Looking to tone down the fuzzy orange glow radiating into the night sky, on Dec. 12 Missoula’s City Council will consider a Dark Sky Ordinance that would regulate outdoor lighting. Lou Ann Crowley, the Ward 3 representative who’s been working on the idea for more than a year, cites both practical and abstract reasons for putting a spotlight on the question of what sort of illumination a community allows and encourages. On one hand, there’s the money and energy wasted by the too many and too bright unshielded lights. Scott Davis, chief operating officer for the International Dark Sky Association, says the educational group estimates about $2 billion is wasted annually around the nation on lights that shine up and out.

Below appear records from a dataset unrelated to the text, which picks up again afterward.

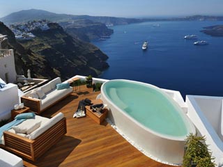 Located at the highest point of the island of Santorini, the historical rim of Caldera, this small complex provides astounding sun set views of the volcano.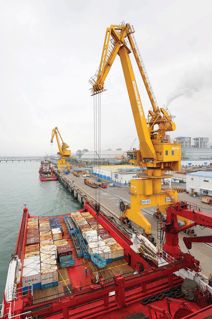 惠州大亞灣中海油惠州物流基地碼頭,吊車(chē)正將一箱箱即將送抵惠州油田海上鉆井平臺(tái)的物資裝載到“海洋石油681”船艙。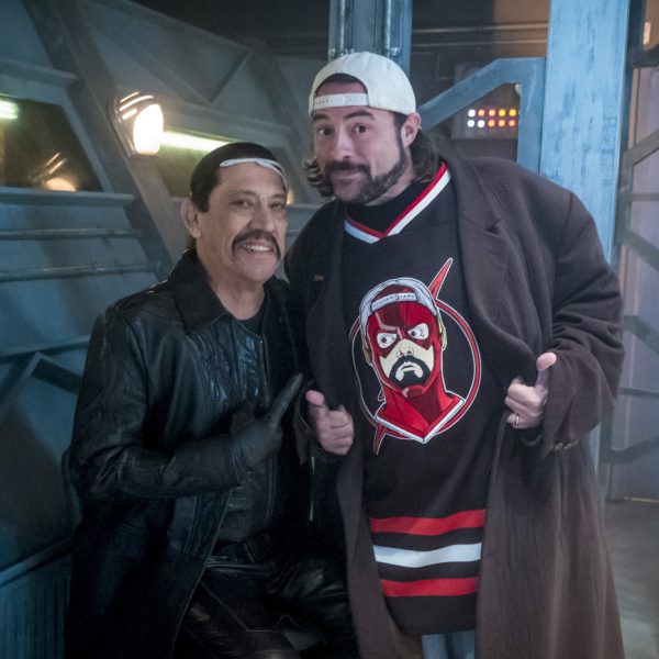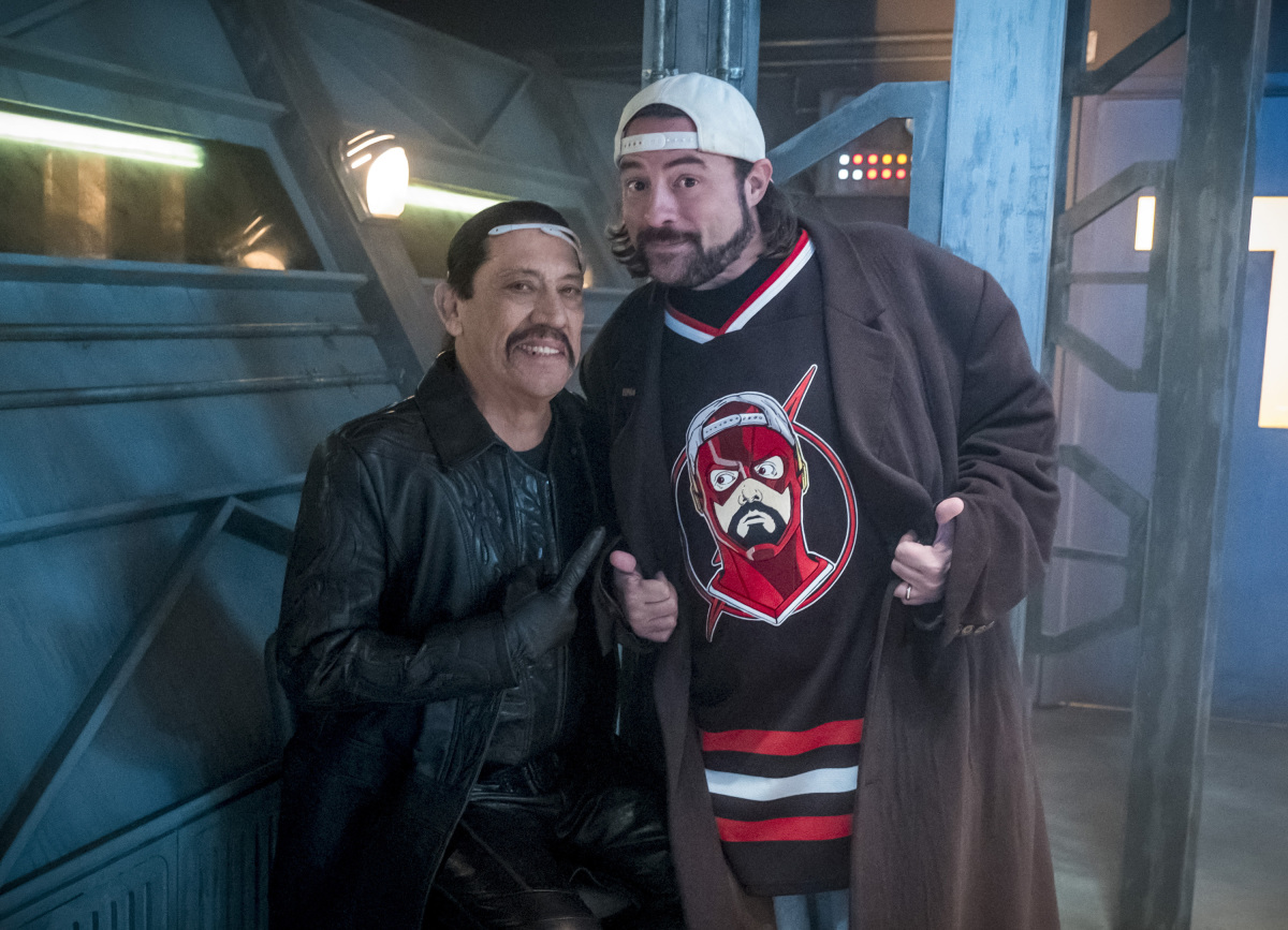 The Flash — “Null and Annoyed” — Image Number: FLA417a_BTS_0356b.jpg — Pictured (L-R): Behind the scenes with Kevin Smith and Danny Trejo — Photo: Katie Yu/The CW — é 2018 The CW Network, LLC. All rights reserved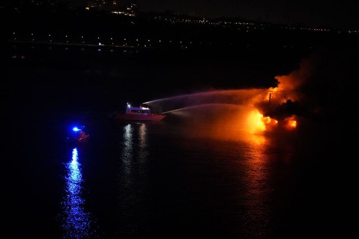 У Гідропарку горів ресторан на воді. До гасіння залучалися спецкатери (фото, відео)
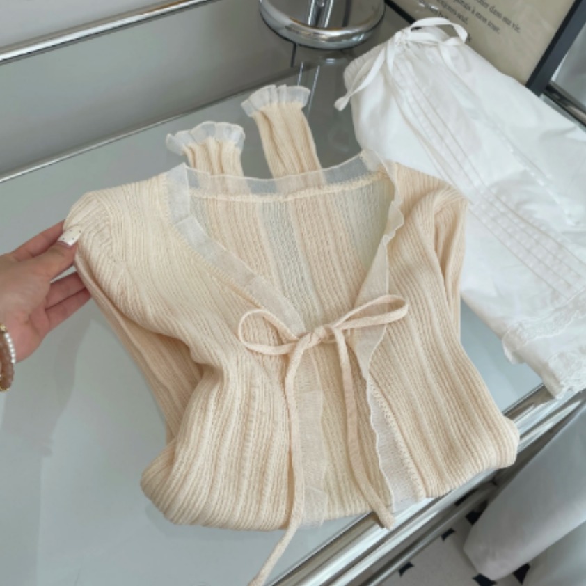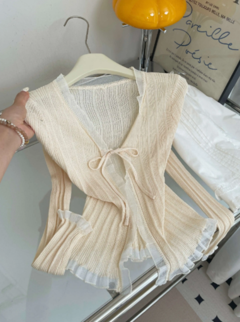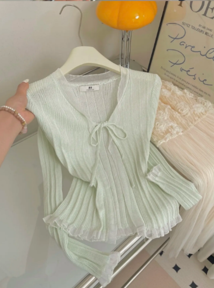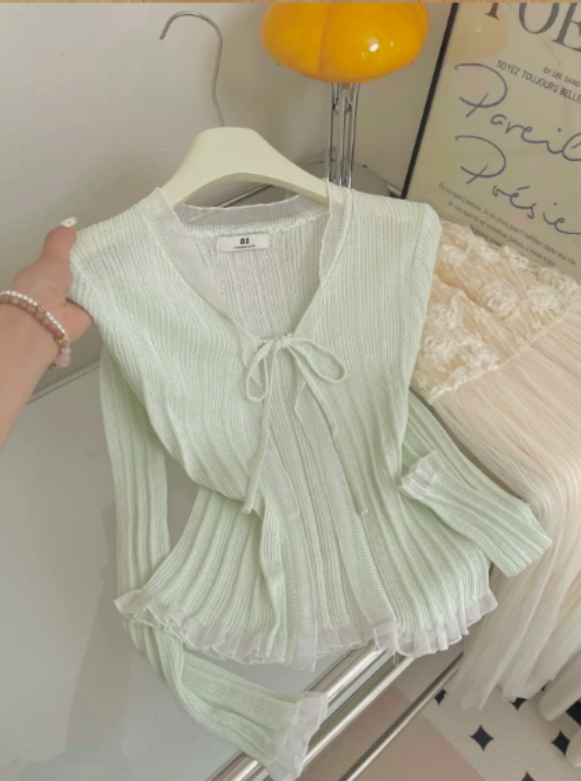 오리지널 디자인 한 부서 부드러운 바람 꽃무늬 니트 오픈 가디건 여성 여름 새로운 통기성 얇은 스타일 출퇴근 다용도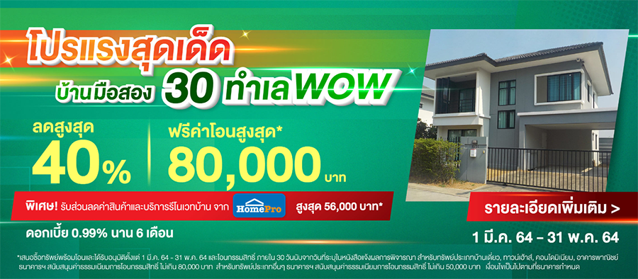 โปรแรงสุดเด็ด ลดสูงสุด 40% ฟรี!! ค่าโอน...บ้านมือสอง 30 ทำเล WOW พิเศษ! รับส่วนลดค่าสินค้า และบริการรีโนเวทบ้าน จาก HomePro สูงสุด 56,000 บาท

But there’s also the aesthetic factor. As Missoula grows, the orange glow is escalating both in size and intensity and blunting the night sky. Groups like Missoula’s Western Montana Astronomical Association, especially, are concerned about washing out starlight, and have worked with Crowley to develop the ordinance.

On Dec. 7, the Council was still hashing out ordinance details, like how existing lighting structures would be handled. Crowley says building permits or substantial remodeling projects would likely trigger the necessity of compliance with any new rules, but she doesn’t want to ask for too much, too fast.

“We’re not going to shove it down anyone’s throat,” she says. “We’re going to take it nice and slow.”

Missoula isn’t the only community looking to quell its glow. Whitefish recently drafted a similar but more stringent ordinance requiring compliance within three years, and has held a public meeting to gauge support. One issue that’s already arisen is the city’s own street lamps, which don’t meet ordinance requirements, and would cost an estimated $100,000 to replace. A January meeting is the next step for Whitefish, though Missoula’s ordinance could be approved at Council’s Dec. 12 meeting, following the 7 p.m. public hearing.

“This is about quality of life and the ability to see the nighttime sky,” Crowley says. “We need to get this on the books.”